ASSIGNMENT ▸
Output only the lines that run from the line holding "When it comes" to the end of the entries, both ends included, and skip the pictures.

MATERIAL TO PROCESS ▸
►

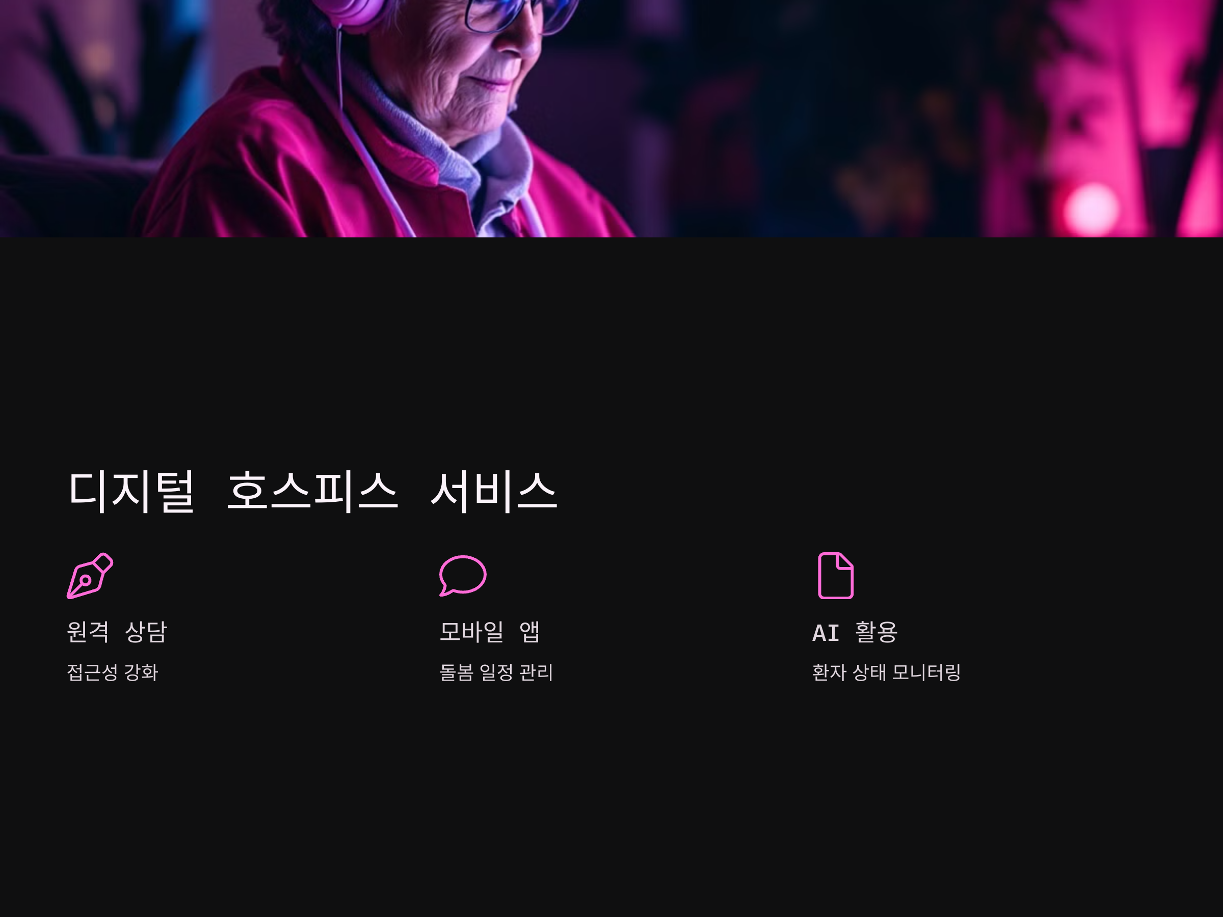 최근 호스피스 서비스는 디지털 기술을 적극 활용하고 있습니다. 원격 상담, 모바일 앱을 통한 관리, AI 기반 돌봄 프로그램 등이 대표적입니다.
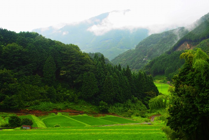 今、緑色の田んぼが綺麗な時期です。下に見える田んぼは、別の場所から
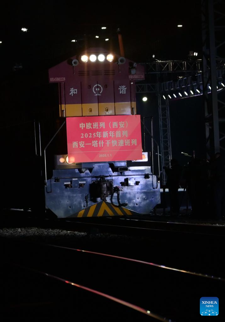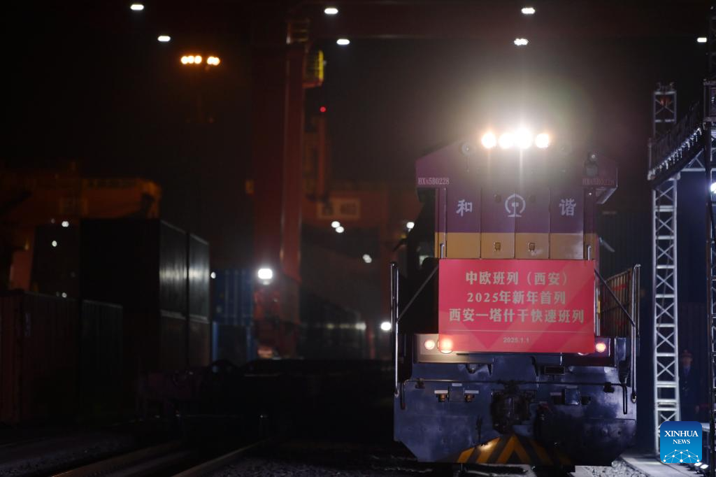 A China-Europe freight train bound for Tashkent, Uzbekistan, departs from Xi'an International Port Station in Xi'an, northwest China's Shaanxi Province, Jan. 1, 2025. Departing early Wednesday morning, the train was the first China-Europe freight train starting its journey from Xi'an in 2025. (Xinhua/Li Yibo)
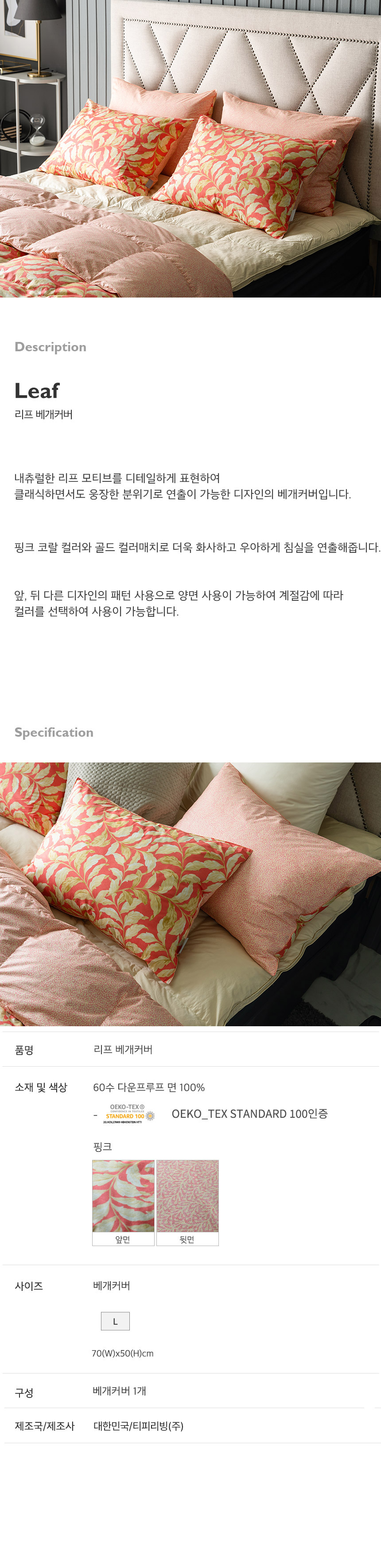 (신세계 사우스시티)리프 순면 베개커버 50X70
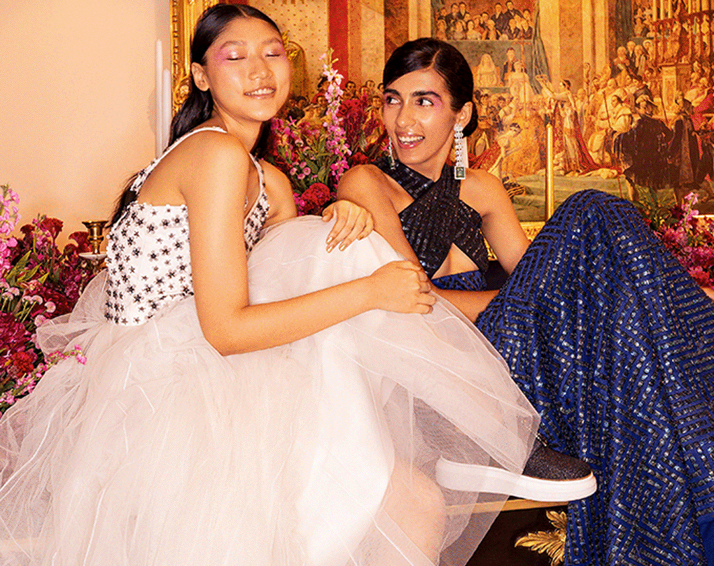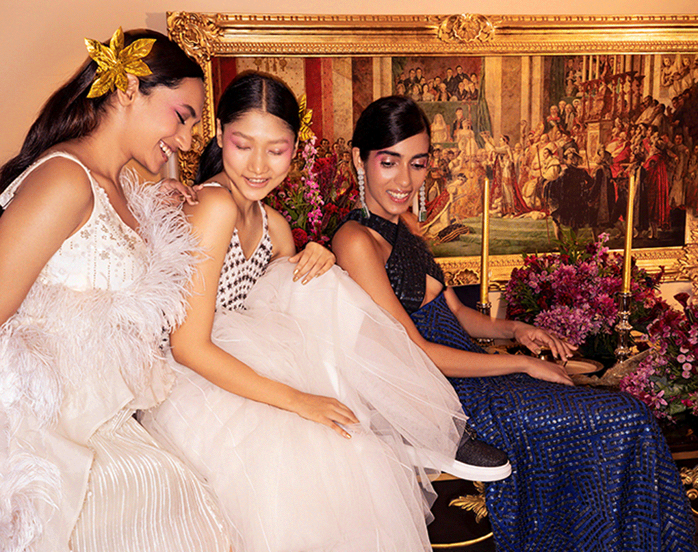 When it comes to bringing the party to your feet, Anaar knows how to nail it. Just take a look at Masquerade classic sneakers women. These shoes are bound to be the centre of attention in any room you walk into. Taking inspiration from a masquerade ball, an alluring black canvas is used to make the geometric golden pattern pop on these classic sneakers for women. The intricate gota work has really found a place to shine on this piece. These shoes are perfect for a femme fatale who loves to party.
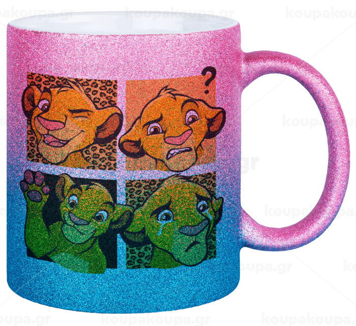 Simba, lion king, Κούπα Χρυσή/Μπλε Glitter, κεραμική, 330ml

◄

ANSWER FOR THIS EXERCISE ▸
 When it comes to bringing the party to your feet, Anaar knows how to nail it. Just take a look at Masquerade classic sneakers women. These shoes are bound to be the centre of attention in any room you walk into. Taking inspiration from a masquerade ball, an alluring black canvas is used to make the geometric golden pattern pop on these classic sneakers for women. The intricate gota work has really found a place to shine on this piece. These shoes are perfect for a femme fatale who loves to party.
 Simba, lion king, Κούπα Χρυσή/Μπλε Glitter, κεραμική, 330ml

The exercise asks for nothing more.